### Given records

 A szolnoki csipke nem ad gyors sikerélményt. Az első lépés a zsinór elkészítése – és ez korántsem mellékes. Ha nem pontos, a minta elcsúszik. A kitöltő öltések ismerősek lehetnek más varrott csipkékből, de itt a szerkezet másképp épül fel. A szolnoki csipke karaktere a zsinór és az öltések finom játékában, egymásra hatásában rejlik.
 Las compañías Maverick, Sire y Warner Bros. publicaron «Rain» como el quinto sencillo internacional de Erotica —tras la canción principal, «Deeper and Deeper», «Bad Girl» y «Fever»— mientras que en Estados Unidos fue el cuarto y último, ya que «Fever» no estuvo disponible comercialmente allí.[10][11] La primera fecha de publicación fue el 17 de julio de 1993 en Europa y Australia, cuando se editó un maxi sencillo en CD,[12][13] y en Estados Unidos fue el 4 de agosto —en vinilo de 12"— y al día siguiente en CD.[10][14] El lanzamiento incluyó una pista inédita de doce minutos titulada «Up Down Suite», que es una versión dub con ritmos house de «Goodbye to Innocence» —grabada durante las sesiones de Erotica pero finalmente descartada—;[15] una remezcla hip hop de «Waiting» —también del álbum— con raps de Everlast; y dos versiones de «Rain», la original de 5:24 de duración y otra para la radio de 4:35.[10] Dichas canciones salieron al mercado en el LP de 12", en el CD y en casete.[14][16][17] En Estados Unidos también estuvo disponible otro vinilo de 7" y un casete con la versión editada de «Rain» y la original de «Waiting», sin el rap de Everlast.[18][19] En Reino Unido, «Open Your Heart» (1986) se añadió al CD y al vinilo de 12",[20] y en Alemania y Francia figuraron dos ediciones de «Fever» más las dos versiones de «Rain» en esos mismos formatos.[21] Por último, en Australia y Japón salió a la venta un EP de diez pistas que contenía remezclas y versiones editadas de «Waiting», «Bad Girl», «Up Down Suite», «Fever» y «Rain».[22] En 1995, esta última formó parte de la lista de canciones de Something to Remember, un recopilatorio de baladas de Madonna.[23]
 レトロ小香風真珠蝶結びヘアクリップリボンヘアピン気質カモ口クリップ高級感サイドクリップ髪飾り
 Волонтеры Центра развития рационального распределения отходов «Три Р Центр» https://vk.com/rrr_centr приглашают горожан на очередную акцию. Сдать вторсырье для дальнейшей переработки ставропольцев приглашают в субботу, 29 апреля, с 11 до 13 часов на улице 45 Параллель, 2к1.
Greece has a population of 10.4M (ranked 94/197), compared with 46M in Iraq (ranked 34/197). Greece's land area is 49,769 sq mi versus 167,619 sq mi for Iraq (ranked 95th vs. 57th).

######
### Given records

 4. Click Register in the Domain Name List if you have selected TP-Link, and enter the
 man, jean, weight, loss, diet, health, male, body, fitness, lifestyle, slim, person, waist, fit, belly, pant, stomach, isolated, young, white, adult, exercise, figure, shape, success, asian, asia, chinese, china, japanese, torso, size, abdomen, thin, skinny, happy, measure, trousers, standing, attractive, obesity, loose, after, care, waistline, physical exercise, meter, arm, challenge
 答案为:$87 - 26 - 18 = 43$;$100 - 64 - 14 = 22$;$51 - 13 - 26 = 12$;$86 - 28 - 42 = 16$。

######
### Given records

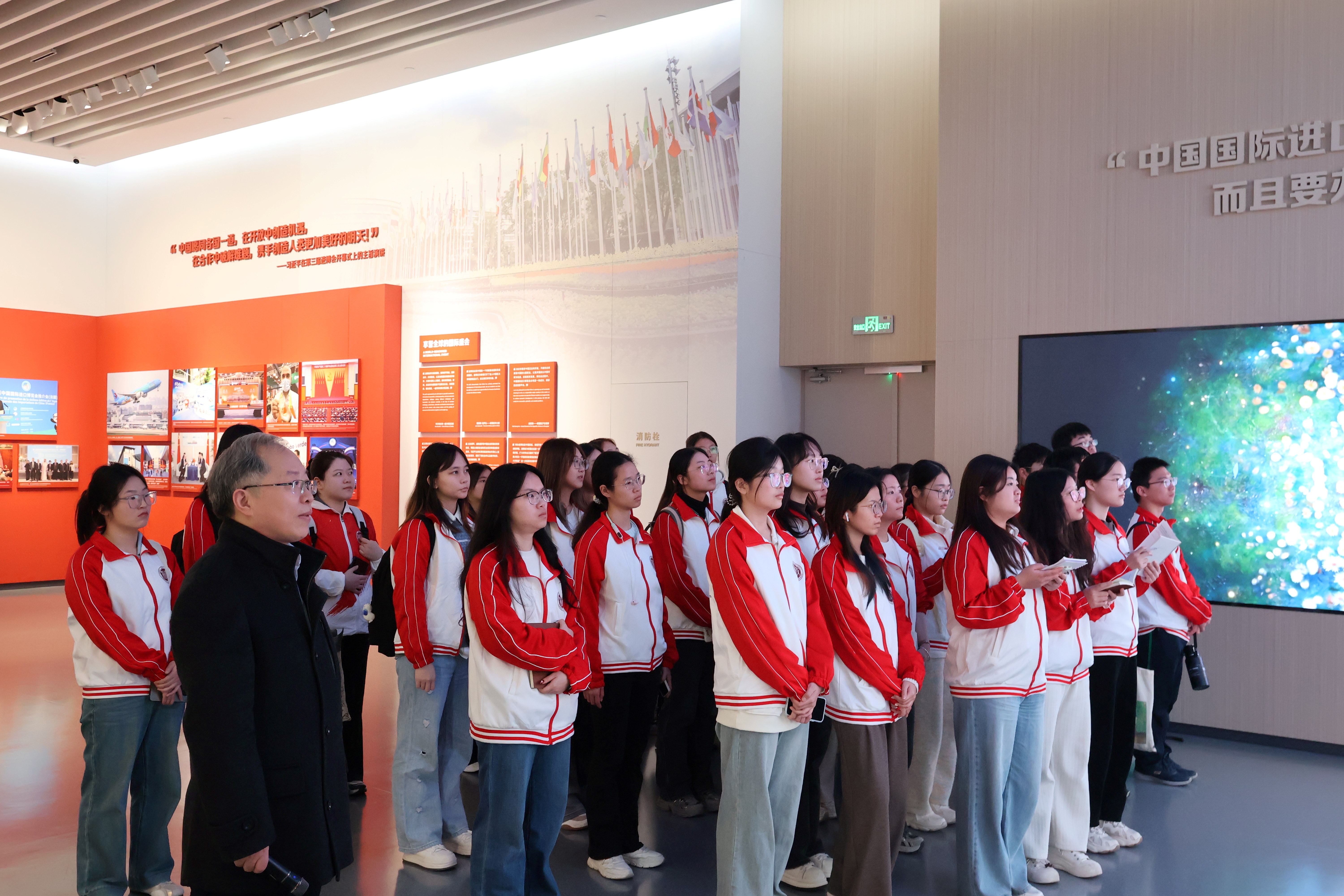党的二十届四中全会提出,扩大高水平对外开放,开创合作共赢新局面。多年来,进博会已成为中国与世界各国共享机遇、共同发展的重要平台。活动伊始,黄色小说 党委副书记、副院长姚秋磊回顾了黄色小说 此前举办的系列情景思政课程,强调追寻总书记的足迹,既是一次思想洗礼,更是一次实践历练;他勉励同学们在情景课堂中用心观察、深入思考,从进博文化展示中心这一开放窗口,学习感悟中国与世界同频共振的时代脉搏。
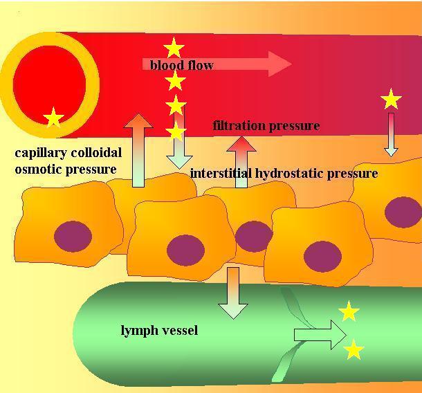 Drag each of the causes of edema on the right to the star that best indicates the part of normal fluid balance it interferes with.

######

**Your assignment**
Set down only the lines above that fall between the line holding "レトロ小香風真珠蝶結びヘアク" and the line holding "Greece has a", inclusive, keeping each exact.

**Response box**
 レトロ小香風真珠蝶結びヘアクリップリボンヘアピン気質カモ口クリップ高級感サイドクリップ髪飾り
 Волонтеры Центра развития рационального распределения отходов «Три Р Центр» https://vk.com/rrr_centr приглашают горожан на очередную акцию. Сдать вторсырье для дальнейшей переработки ставропольцев приглашают в субботу, 29 апреля, с 11 до 13 часов на улице 45 Параллель, 2к1.
Greece has a population of 10.4M (ranked 94/197), compared with 46M in Iraq (ranked 34/197). Greece's land area is 49,769 sq mi versus 167,619 sq mi for Iraq (ranked 95th vs. 57th).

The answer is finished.